The gene MTHFR is a methyltransferase enzyme that can cause thrombophilia, hypermethioninemia, and neurologic abnormalities in some people. Among these conditions, Methyl-folate deficiency is one of the leading causes of neurological disorders. However, many patients do not know that they have this defect.
Thrombophilia caused by gene MTHFR mutations is an inherited thrombophilia that is characterized by elevated levels of factor VIII. Genetically, the disorder is caused by a defect in the protein C/protein S regulatory system. Click here for more information.
The researchers at the University of Leiden first described a single amino acid substitution as the cause of this condition. Their study marked a paradigm shift in the diagnosis of the disease from one involving physical examination and blood tests, to a gene-based approach.
The prevalence of inherited thrombophilia is estimated to be one in 1000 individuals worldwide, with rates rising as individuals age. However, there are still several heritable thrombophilia that are undiscovered.

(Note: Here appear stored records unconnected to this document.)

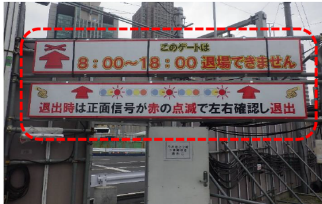
ゲートに見える化看板設置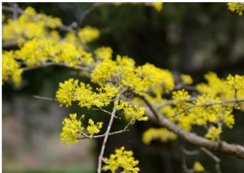
Рисунок 1 – Цветение кизила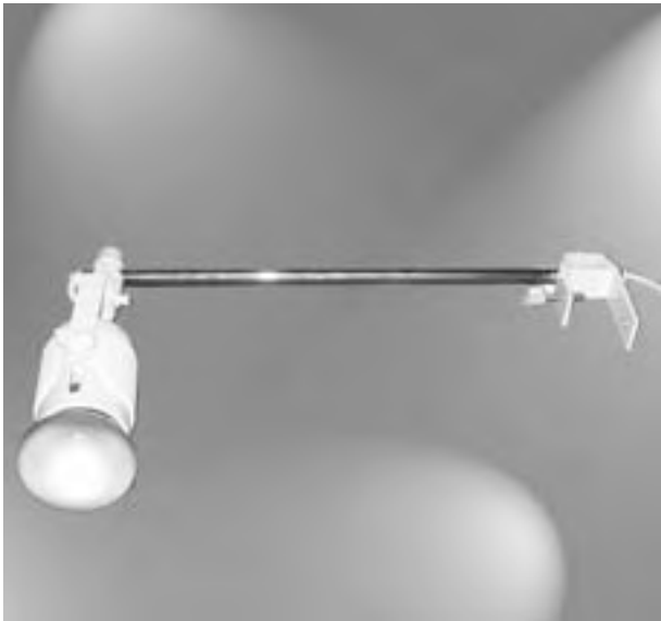
B. 10 a Strahler (60 W), weiß (wahlweise auch als Halogenstrahler silber erhältlich), verchromt mit Ausleger. Bitte Ausführung bei der Bestellung angeben. / Lamps (60 W), white (alternatively available as halogen lamp, silver) chrome-plated with arm. Please indicate model with your order. 13,55 € / Stück / Unit

One study conducted in 1998 reported an increased incidence of thrombophilic defects, including factor V Leiden. Four out of fifteen patients with protein S deficiency had the second defect. Therefore, it appears that individuals with two or more defects are at an increased risk of thrombosis.
There is no definitive association between MTHFR C677T and coronary artery disease, although it has been associated with increased risk of CAD and hypertension. However, in the U.S., the DNA MTHFR C677T polymorphism is associated with a significant risk of hypercholesterolemia and hyperhomocysteinemia. These studies are encouraging, as they suggest that the DNA MTHFR mutation C677T may be a cause of thrombophilia.

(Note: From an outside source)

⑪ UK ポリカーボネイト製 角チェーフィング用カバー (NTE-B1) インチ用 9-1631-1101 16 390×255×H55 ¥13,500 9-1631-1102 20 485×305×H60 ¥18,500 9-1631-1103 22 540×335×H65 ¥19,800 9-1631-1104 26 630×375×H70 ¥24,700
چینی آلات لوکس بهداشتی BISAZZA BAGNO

Thrombophilia is a complex inherited and acquired condition. It can be caused by mutations or polymorphisms in DNA involved in blood clotting and/or the venous circulation. In some cases, the condition can lead to other conditions, such as Legg-Calve-Perthes disease and pulmonary embolism. DNA thrombophilia is associated with a high risk of MI.

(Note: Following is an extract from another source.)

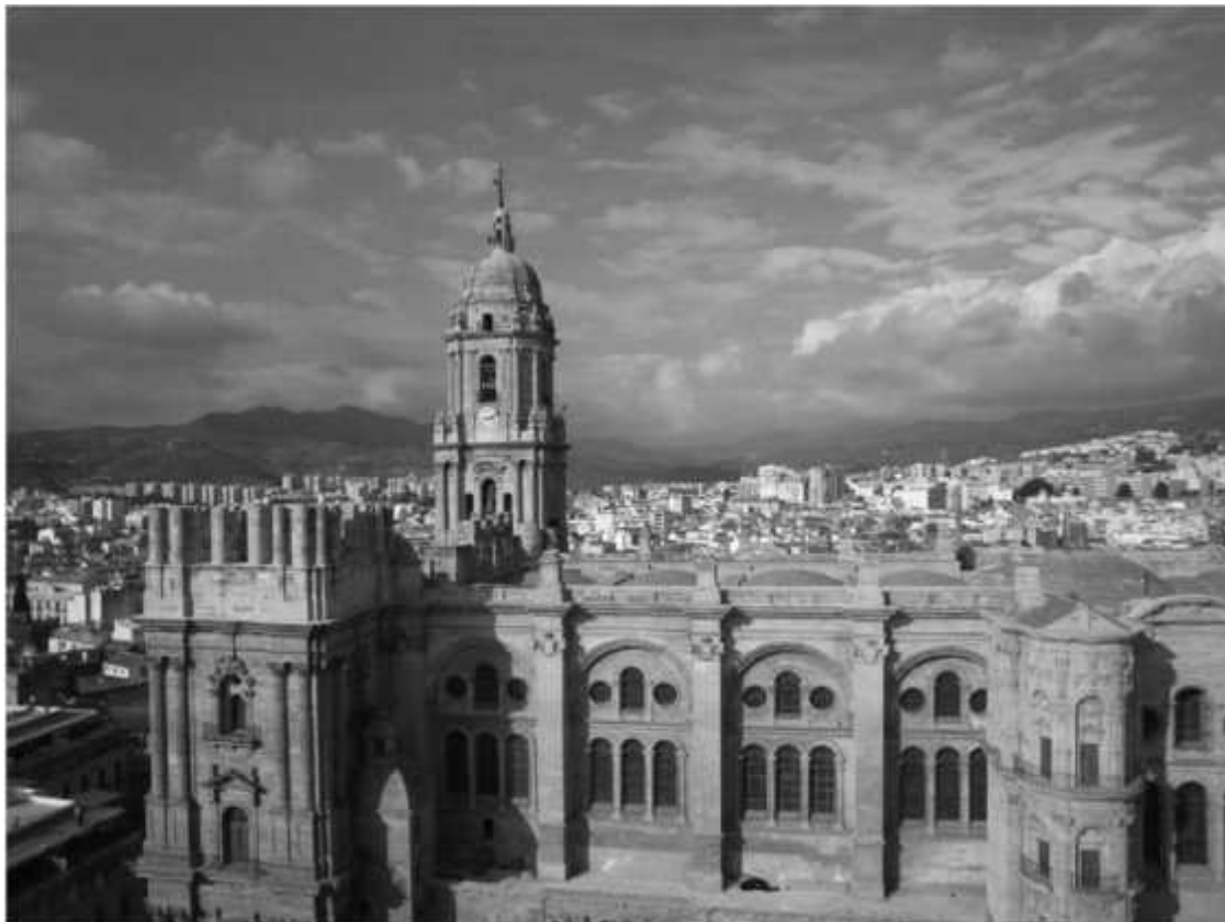
Кафедральный собор Малаги

In most cases, patients with thrombophilia have no symptoms or complications. While this is a rare syndrome, there are several occurrences in unrelated families that have been reported in the literature. There are currently no definitive treatments for thrombophilia due to DNA MTHFR mutations. There is no cure for thrombophilia, but treatment with anticoagulants is an option.
Previously, it was not known if a MTHFR gene deficiency was responsible for early-onset hypomethioninemia. Now, this deficiency can be diagnosed in both adults and adolescents. The clinical picture is often incomplete, and further tests for underlying neuro-psychiatric conditions should be considered. The earlier the condition is diagnosed, the better.
Two heterozygous point mutations were identified in this gene. One was a synonymous mutation (Arg388Cys) in exon 7 and the other was a stop-loss mutation (c.1970G>C). The paternal mutations were also confirmed as pathogenic.
The two mutations were associated with different symptoms. However, the clinical manifestation of hypomethioninemia due to gene MTHFR mutation is unknown and should be taken with caution. Consult with a doctor for more information.
Neonates with severe MTHFR deficiency present with a range of symptoms, including hypotonia and feeding problems. They may also experience sleep apnea. Some cases have epilepsy.
The symptoms of epilepsy may include head nodding syndrome and complex focal seizures. Rarely, patients may experience hydrocephalus. The earliest diagnosis is the most important.
Patients with this deficiency have severe neurological symptoms, and the disease can cause developmental delay. Infants often exhibit reduced consciousness and lower limb spasticity, while older children and adolescents often present with respiratory failure and seizures.
A DNAtic test can detect the underlying cause. While MTHFR deficiency is rare, the symptoms are life-threatening and can impair a child’s quality of life.
In children, MTHFR deficiency is caused by a DNAtic defect that affects the synthesis of folate and folic acid. This deficiency results in moderately low plasmatic folate levels. Individuals with this disorder also have hyperhomocysteinemia and hypomethioninemia, but the majority of cases are neurological. This condition can lead to other conditions as well, including vascular abnormalities.
Genetic testing for this deficiency may be performed to confirm the existence of an MTHFR deficiency. Click the link: https://www.cdc.gov/genomics/gtesting/genetic_testing.htm to find out more about genetic testing. People with a deficiency of the MTHFR DNA have a number of comorbidities.
Hyperhomocysteinemia, a condition characterized by elevated homocysteine levels, may occur as a result of a mutation in the MTHFR DNA. This condition has other consequences, including thromboembolic disease and vasculopathy.
In a patient with NF1, a test for the genetic marker could indicate the presence of a comorbid condition. NF1 can lead to stroke, and the C677T gene mutation is often detected in young stroke patients. The case’s genetic testing should also include a dermatologic examination to rule out other causes of stroke. The presence of a C677T mutation is an etiologic reason for the stroke.